Red Lobster, White Trash And The Blue Lagoon

Dwight Garner reviews 'Red Lobster, White Trash and the Blue Lagoon' by Joe Queenan.

Topics: Books,

| On certain gray days, it can feel like riffs on popular culture are all that’s left in the world. The jitterbug analysis rains down from above (academics, novelists, public intellectuals) and from below (comedians, glossy magazines, ads on the sides of buses). Having something smart to intone about, say, George Clooney’s precarious film career is more important than having something smart to intone about almost anything else.

Joe Queenan has been surfing pop’s debris-strewn waters for a couple of decades now, in books (“If You’re Talking to Me, Your Career Must Be in Trouble”) and in hundreds of essays for magazines as disparate as the New Republic and TV Guide, where he’s a weekly columnist. Queenan isn’t a critic, exactly — he’s more comfortable with comic overkill than with sorting through fine distinctions. But it’s moderately high praise to note that he’s seldom less than amusing company; his sardonic, wise-ass, throwaway essays simply have more brio than those of most of his contemporaries. He’s a couch-potato potentate, a yabbo Mencken.

Queenan’s new book, “Red Lobster, White Trash, and the Blue Lagoon,” is a high-concept slumming expedition.

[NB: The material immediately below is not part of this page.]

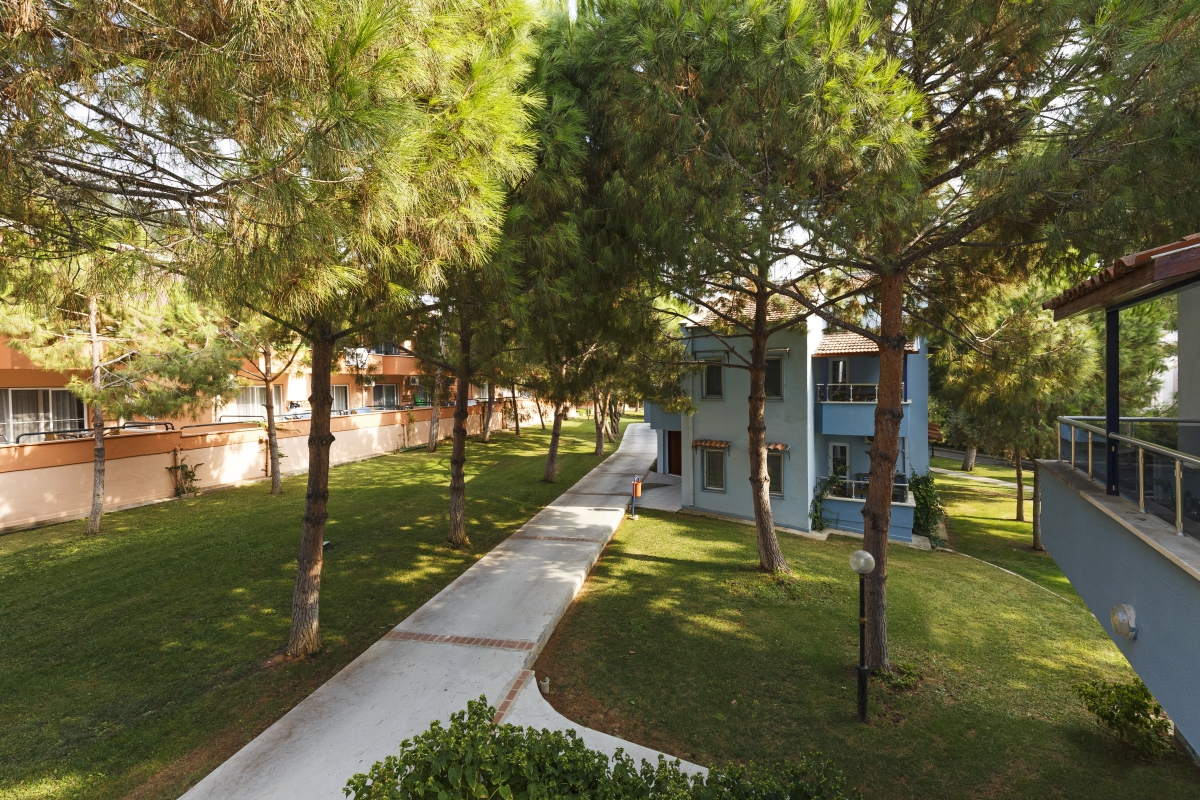 Намира се на 70 км от летище Измир, на 130 км от летище Милас, на 4 км от центъра на Кушадасъ, на 50 м от брега на морето. Построен през 1998 г., поетапно разширяван в периода 2004-2008 г., с обща площ 170 000 м², където тюркоазено синьото на Егейско море се слива с огромна гора от борови дървета с красиви цветя. BUNGALOW GARDEN ROOMS са реновирани през 2014 г., SUPERIOR ROOMS са реновирани през 2021 г. , FAMILY ROOMS през 2022 г.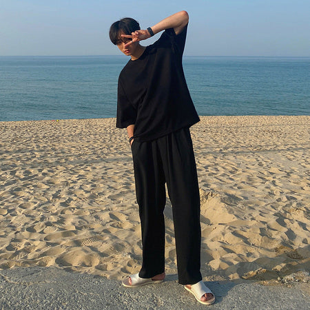 Beat the summer heat with these men’s Korean-style ice silk pants. Lightweight, drapey, and effortlessly stylish, they’re built for relaxed comfort.

It’s a book about a self-described highbrow — Queenan’s an Elvis Costello fan, a Lingua Franca subscriber and a Henry James acolyte — who yanks his baseball cap around backward and elects to spend a year mucking around in the lower realms of mass culture: dining at Sizzler steakhouses, grooving to Kenny G. albums, attending Andrew Lloyd Webber musicals, visiting Branson, Mo. He ruefully notes that society is “dominated by the likes of William Shatner, not William Shakespeare, and that it was basically designed for the greater glory of Richard Simmons, not Richard Thompson, and certainly not Richard Strauss.” Queenan makes a show of shucking his “haughty pretensions” and, licking his chops, dives right in.

This premise, it must be said, might be more effective if you actually cared what Queenan thinks about Henry James or Elvis Costello. But give this man his due: He operates on his own kind of manic, wildcat frequency — all riffs, all the time. Thus Michael Bolton is the “K-Mart Joe Cocker”; watching “Love Story” is what really killed Jimi Hendrix; “Cats” is “what ‘Grease’ would look like if all the cast members dressed up like KISS.” He’s also fond of devising handy little cultural rules: any performer named Kenny (Rogers, Loggins, G.) probably sucks; anyone with the surname Collins (Phil, Jackie, Joan) almost certainly sucks; any book blurbed by Stephen King definitely sucks. To remark that Queenan is infatuated with the word “suck,” by the way, would be an understatement. So it’s really saying something when he ultimately crowns John Tesh “the Prince of Suck.”

All in all, this is pretty harmless stuff. Queenan doesn’t hate everything — he finds that Sizzler provides good value, and he respects Barry Manilow’s work ethic — and there’s some fun to be had in watching him admit that he’s becoming genuinely addicted to really bad art. What’s off-putting about “Red Lobster, White Trash and the Blue Lagoon,” though, is the rather stunning level of venom Queenan directs at the people who actually do find things to enjoy about, say, Billy Joel’s music or Robert Ludlum’s novels. (The audience at a performance of “Cats” is scorned as a bunch of “gawking midwestern huckleberries”; V.C. Andrews’ readers are “inbreds who had bought her books at the Ozark branch of Barnes & Noble”; Branson is a “Mulefuckers’ Mecca”; and a Yanni concert captures the yearnings of those poor saps who “probably scored less than one thousand on their SATs.”) Queenan’s hostility neatly illustrates how so many critics and writers have begun to deploy cultural taste as a means to satirize and humiliate people who aren’t as fortunate at they are — that is, people who don’t rent the same exalted movies at the corner Blockbuster.

“Red Lobster, White Trash and the Blue Lagoon” is a piece of pop ephemera about pop ephemera; it’s supposed to vanish on the tongue. But some readers may be left with a surprisingly acrid aftertaste, one that lingers in ways that Queenan probably hadn’t hoped.

Dwight Garner is Salon's book review editor.